To calculate the diameter of a large tree, determine the tree trunk circumference by wrapping a tape measure around the tree trunk at 4.5 ft above ground level. For those of you into useless trivia, the forestry industry calculates tree size based upon the diameter at breast height, or “DBH” typically at 4.5 ft above the ground. Ask any of the hot ladies in the neighborhood to stand next to the tree trunk to be sure you’re accurately measuring at DBH. Be very careful if said hot woman is NOT your wife. Try not to get slapped.
Divide the circumference by pi (3.14) and that’s the trunk diameter (in inches).
Multiply the that number times 6 (mL per inch), to determine the total amount (in mL of concentrate)

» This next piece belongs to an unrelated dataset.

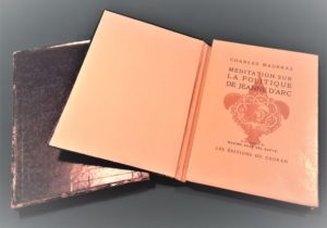 148 - Charles MAURRAS (1868-1952), écrivain figure de proue de l’Action Française. « Méditations sur la politique de Jeanne d’Arc » avec double envoi autographe signé : de Charles MAURRAS et de l’illustrateur Maxime REAL DEL SARTE, Très bel exemplaire en parfait état de fraicheur, Ed. du Cadran, 1931, EO, 1 des 30 exemplaires « Montval », broché, 81 p in-4, illustrations de Réal del Sarte (sculpteur et illustrateur, fondateur des Camelots du Roi, 1888-1954). Rare
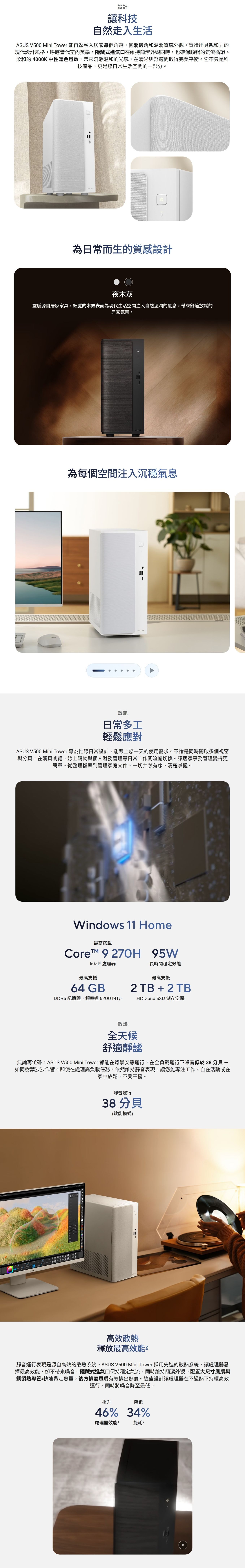 商品規格處理器:Intel® Core™ 9 Processor 270H 2.5 GHz記憶體:16GB DDR5 SO-DIMM, 2x DDR5 SO-DIMM slot,記憶體最高64GB硬碟:1TB M.2 2280 NVMe™ PCIe® 4.0 SSD電源供應:330W作業系統:Win11家用版區域網路:Wi-Fi 6(802.11ax) (Dual band) 1*1 + Bluetooth® 5.4 Wireless Card前面板輸出端子1x 耳機1x USB 3.2 Gen 1 Type-C2x USB 3.2 Gen 1 Type-A1 x 3.5mm 複合音源線插孔2x USB 3.2 Gen 2 Type-A1 x USB 3.2 Gen 1 Type-C2 x USB 3.2 Gen 1 Type-A後面板輸出端子1x RJ45 GB 乙太網路1x HDMI 1.41 x Display port 1.41 x 7.1 聲道音效 (3 個連接埠)1x Kensington 鎖4 x USB 2.0 Type-A擴充槽(包含已使用)1x PCIe® 4.0 x 16 (operating at PCIe® 4.0 x8)2x M.2 2280 connector for storage1 x WiFi ( M.2 插孔 )2x DDR5 SO-DIMM slot音訊:高傳真 7.1 聲道音效重量:6.00 kg (13.23 lbs)產品尺寸 (寬x長x高):15.55 x 30.17 x 35.68 cm (6.12" x 11.88" x 14.05")安全性Kensington 防盜鎖插槽HDD User Password Protection and Security包裝盒內容:有線光學滑鼠 (USB)有線鍵盤 (USB)3.5 吋 HDD 裝配組合:VGA cable assembly kit貨源:公司貨*** 請注意:本機不含 Microsoft® Office 授權/需自行另購 ***以上規格僅供參考,若有錯誤,請以原廠官網公布為準

There are approximately 30 mL per ounce, so divide the product in step 2C by 30, to convert mL to fluid ounces of concentrate. Now you know how much of the liquid concentrate needs to be applied UNDERNEATH the huge tree.
You can look at the product label for different ways to apply the required amount of insecticide, but we’ll explain a very effective, and easy, way to make the soil drench. It is important to apply the drench to the entire area (360 degrees) around the tree trunk.
Jeff’s Pin Oak Example
The picture below shows the tree to have a diameter of 86 inches. Dividing 86 inches by pi (3.14) = 27.4 inches
27.4 inches times 6 mL per inch = 164 mL
164 mL divided by 30 mL per oz = 5.5 oz
Jeff recommends that you add 2 oz of Dominion into our Fertilome® hose-end sprayer (a sweet little $5 sprayer that is PERFECT for this) and fill it up to the top with water.
Turn on the hose and spray until the contents of the sprayer are gone, moving around under the tree’s dripline the entire time. Be sure to shake the sprayer every minute or so to keep the insecticide throughly mixed with the water. You’ll have 6 gallons of spray using the recommended sprayer, which should be enough to completely treat the soil area underneath this huge tree.
When the sprayer is empty, repeat the process. Add another 2 oz of product, fill to the top with water, and repeat. Your total product applied under this tree is now 4 oz.
Repeat the process a final time, but this time, use 1.5 oz, to achieve the required dose of 5.5 oz concentrate (for THIS example!). In steps 4 to 7, you’ll have applied 5.5 oz in a total of 18 gallons of water.
Keep the area moist by watering it every other day for a week, to ensure uptake.
WHEN USING PESTICIDES, ALWAY FOLLOW LABEL DIRECTIONS!